Forest Bathing

Forest Bathing
Shinrin-Yoku
I love this beautiful concept, translated from the Japanese, of forest bathing. Shinrin-Yoku. I have a beautiful book on the subject by Dr. Qing Li, whose subtitle is How Trees Can Help You Find Health and Happiness. Amen to that. Forest Bathing conveys the sensual intent of being in the forest not to do something (doing is always sympathetic in nature: it requires arousal), but simply to be. To luxuriate in receptive awareness of the nourishment that comes to us directly from a forest. To bathe in the forest is not to hike through it, with destination in mind, but to rest into it, to arrive in ourselves, in the present moment, in stillness. Someday in the future, when we are more connected to our ancestral past, we’ll have instruments to measure, in scientific language, the emanation of positive vibrations coming from a healthy forest. The more in touch we are with our own embodied selves, the more we can feel directly these emanations, and the less we require confirmation of this. We know it in our bodies, and in our bones.
A forest is full of beings. In the Tsimshian language of the Pacific Northwest of the United States and Canada, the word naxnox refers to these spirits or non-human intelligences residing in a place. Perhaps most obvious among these, and constitutive of the forest itself, are the trees. Every tree is a kind of person, a tree-person if you will, and every species of tree has characteristics and an essence unique to that species. In my favorite local forest, the place I most like to go contains a significant grove of old growth Douglas Fir trees, the largest of which are probably well over two hundred years old, and close to that tall. Sitting at the base of one of these trees, with your back against it, with the intent to build a rope, to create a relationship, you enter into embodied conversation with a being whose awareness stretches back to a childhood in the early 1800s. That memory is in the body of the being against whom you are resting. While what is generally visible to us in a forest is what is above the ground, much of the communication between trees happens in the subterranean realms, where filigree networks of roots intercommunicate, share nutrients, and discuss the comings and goings on. Forest ecology teaches us that the mycelial network (the quasi-roots of fungi) created by fungi is a bit like fascia in humans, an ecological fabric that weaves together the forest through the soil. So if you begin to think of a forest as being a collection of beings woven together in a community through the soil, you begin to approach what it actually is. Now add the elemental factors of the mineral kingdom: the rocks, crystals, the water, both above and underground, where it flows in channels, underground rivers, springs, aquifers, and you begin to realize that the beautiful verdant canopy of the trees is really only the ceiling of this community rooted down into the strata of the earth. Now add all the animals dwelling here: from the insects, to the reptiles, amphibians, the mammals, the birds, and you begin to understand the living tapestry which you are in-habiting.

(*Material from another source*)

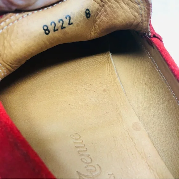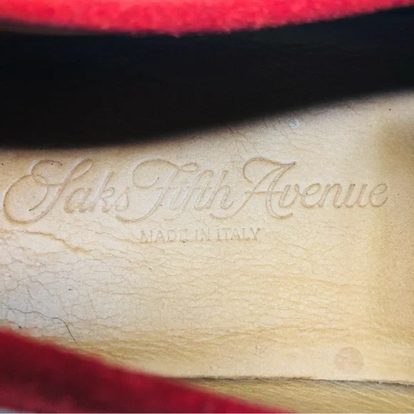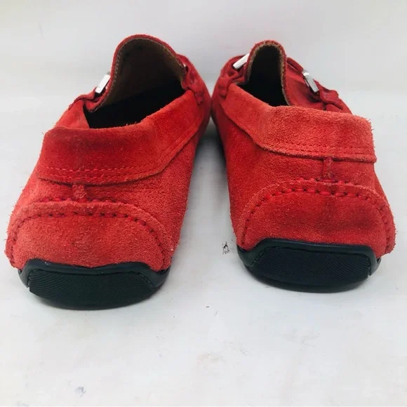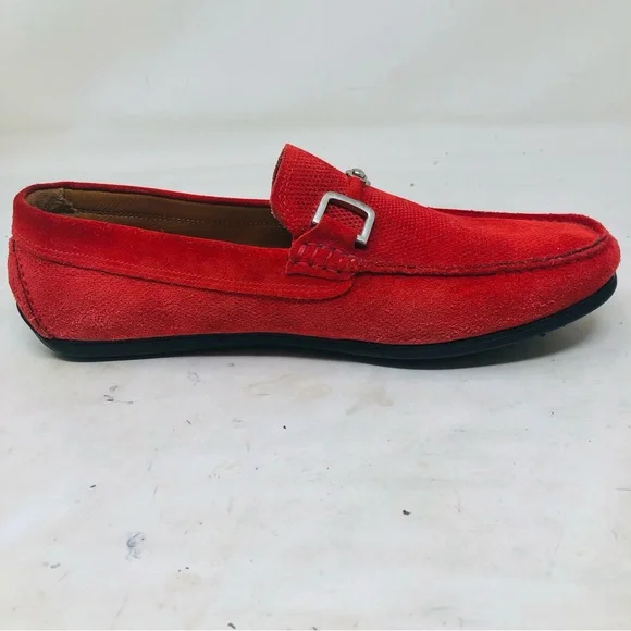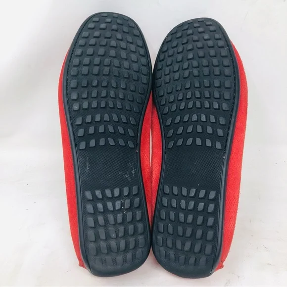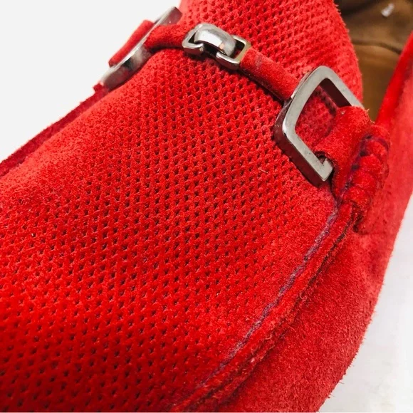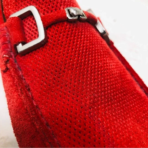 Bold and stylish red suede loafers from Saks, featuring a classic bit buckle detail for a sophisticated touch. These shoes combine luxury and comfort, perfect for adding a vibrant statement to both casual and formal outfits. Crafted with premium materials and excellent craftsmanship. Excellent pre-owned condition with minimal signs of wear.

On a recent visit to my favorite forest, there was, upon arrival, a pervasive buzzing sound that I initially mistook for the buzzing of an electric line and attributed to telephone wires. I went on about my work–we were filming, and I was setting up cameras–and as our crew arrived each person commented on this. It was only on attending more closely to the sound that I began to detect the most minute variances in pitch emerging, warble-like, from this rushing hum. When we looked up, it dawned on all of us that what we were hearing was the buzz of hundreds of thousands of honeybees about their work. Consider, for a moment, what we were actually hearing: the vibrations in the air caused by millions of tiny translucent wings vibrating the air. This image, of the air being shivered in millions of tiny ripples by the almost crystalline delicacy of these lacy wings, is what stays with me. I wanted to be able to see the sound, to see the air stirred by these tiny prismatic instruments, catching the sunlight that poured in shafts down through the heavy branches of the flowering fir trees. This is why we bathe in the forest–these moments when we are arrested by the sublime beauty of nature and thus stopped, popped out of the rush of our lives–to stand like the spiritual children we are, in awe at the beauty of the living world.